----- INFORMATION -----

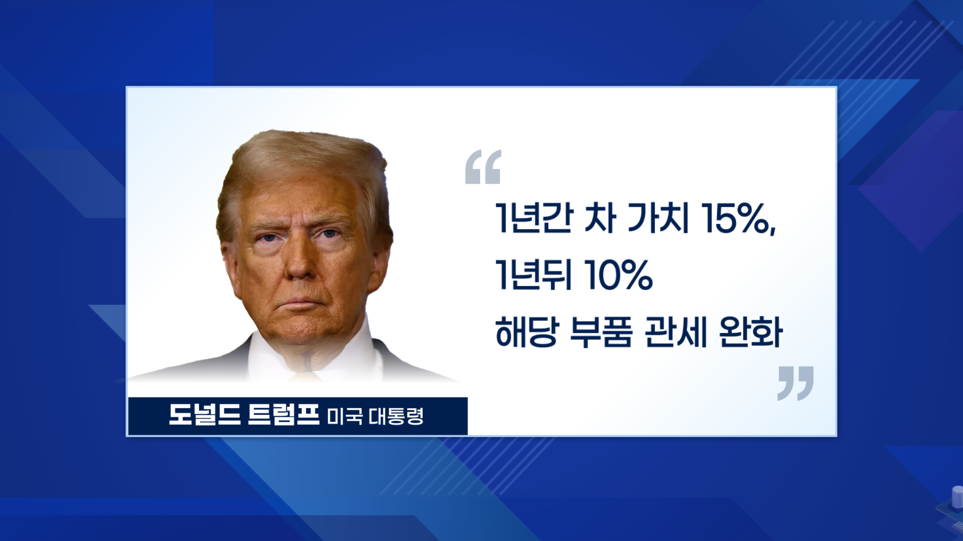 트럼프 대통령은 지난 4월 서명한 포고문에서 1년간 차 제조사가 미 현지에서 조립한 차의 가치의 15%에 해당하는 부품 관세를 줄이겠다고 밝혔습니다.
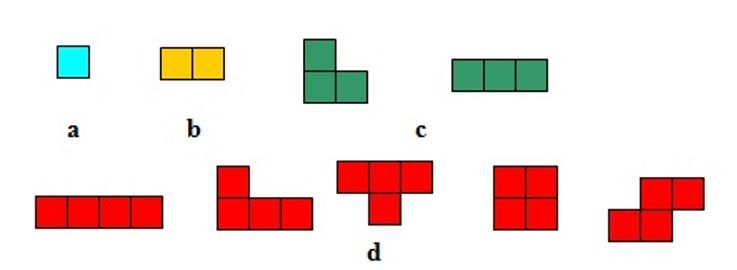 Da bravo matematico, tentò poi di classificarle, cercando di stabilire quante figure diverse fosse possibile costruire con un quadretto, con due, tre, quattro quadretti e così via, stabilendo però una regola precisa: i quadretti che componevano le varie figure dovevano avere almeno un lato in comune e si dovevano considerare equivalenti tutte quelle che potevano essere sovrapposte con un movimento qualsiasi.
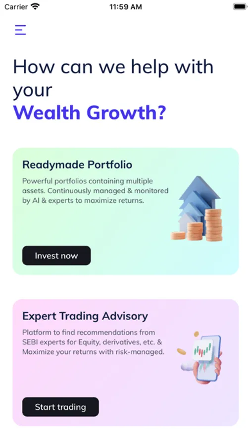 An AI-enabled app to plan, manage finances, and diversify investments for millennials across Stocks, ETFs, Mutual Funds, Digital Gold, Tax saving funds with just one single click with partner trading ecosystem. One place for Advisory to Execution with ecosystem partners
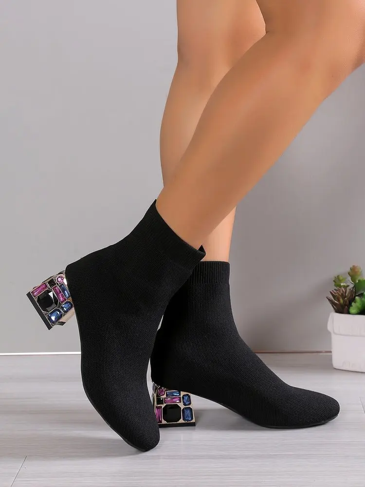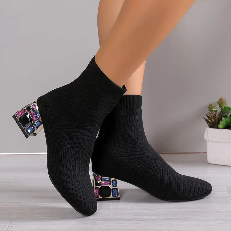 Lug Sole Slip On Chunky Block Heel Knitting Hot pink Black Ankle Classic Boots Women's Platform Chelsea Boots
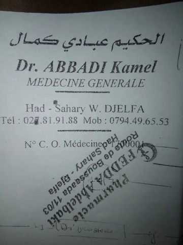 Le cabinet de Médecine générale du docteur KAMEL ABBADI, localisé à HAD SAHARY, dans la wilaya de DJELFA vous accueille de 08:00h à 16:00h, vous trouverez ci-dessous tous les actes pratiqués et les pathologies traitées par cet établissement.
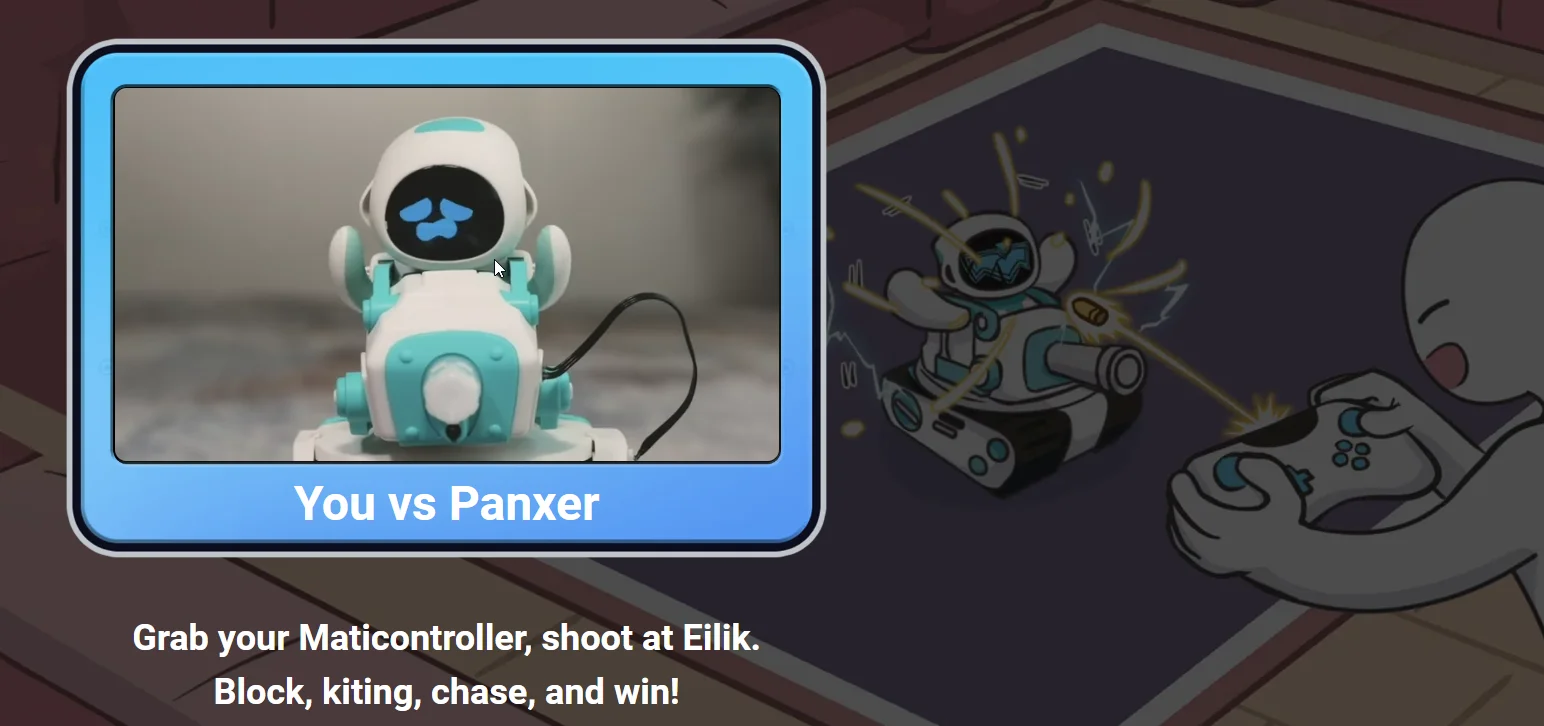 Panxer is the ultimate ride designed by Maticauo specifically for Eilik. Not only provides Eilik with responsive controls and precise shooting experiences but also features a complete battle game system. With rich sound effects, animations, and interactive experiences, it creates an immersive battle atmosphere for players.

-----

EXERCISE DETAILS => Your answer should be every line above, written out exactly, with no pictures.

ANSWER =>
 트럼프 대통령은 지난 4월 서명한 포고문에서 1년간 차 제조사가 미 현지에서 조립한 차의 가치의 15%에 해당하는 부품 관세를 줄이겠다고 밝혔습니다.
 Da bravo matematico, tentò poi di classificarle, cercando di stabilire quante figure diverse fosse possibile costruire con un quadretto, con due, tre, quattro quadretti e così via, stabilendo però una regola precisa: i quadretti che componevano le varie figure dovevano avere almeno un lato in comune e si dovevano considerare equivalenti tutte quelle che potevano essere sovrapposte con un movimento qualsiasi.
 An AI-enabled app to plan, manage finances, and diversify investments for millennials across Stocks, ETFs, Mutual Funds, Digital Gold, Tax saving funds with just one single click with partner trading ecosystem. One place for Advisory to Execution with ecosystem partners
 Lug Sole Slip On Chunky Block Heel Knitting Hot pink Black Ankle Classic Boots Women's Platform Chelsea Boots
 Le cabinet de Médecine générale du docteur KAMEL ABBADI, localisé à HAD SAHARY, dans la wilaya de DJELFA vous accueille de 08:00h à 16:00h, vous trouverez ci-dessous tous les actes pratiqués et les pathologies traitées par cet établissement.
 Panxer is the ultimate ride designed by Maticauo specifically for Eilik. Not only provides Eilik with responsive controls and precise shooting experiences but also features a complete battle game system. With rich sound effects, animations, and interactive experiences, it creates an immersive battle atmosphere for players.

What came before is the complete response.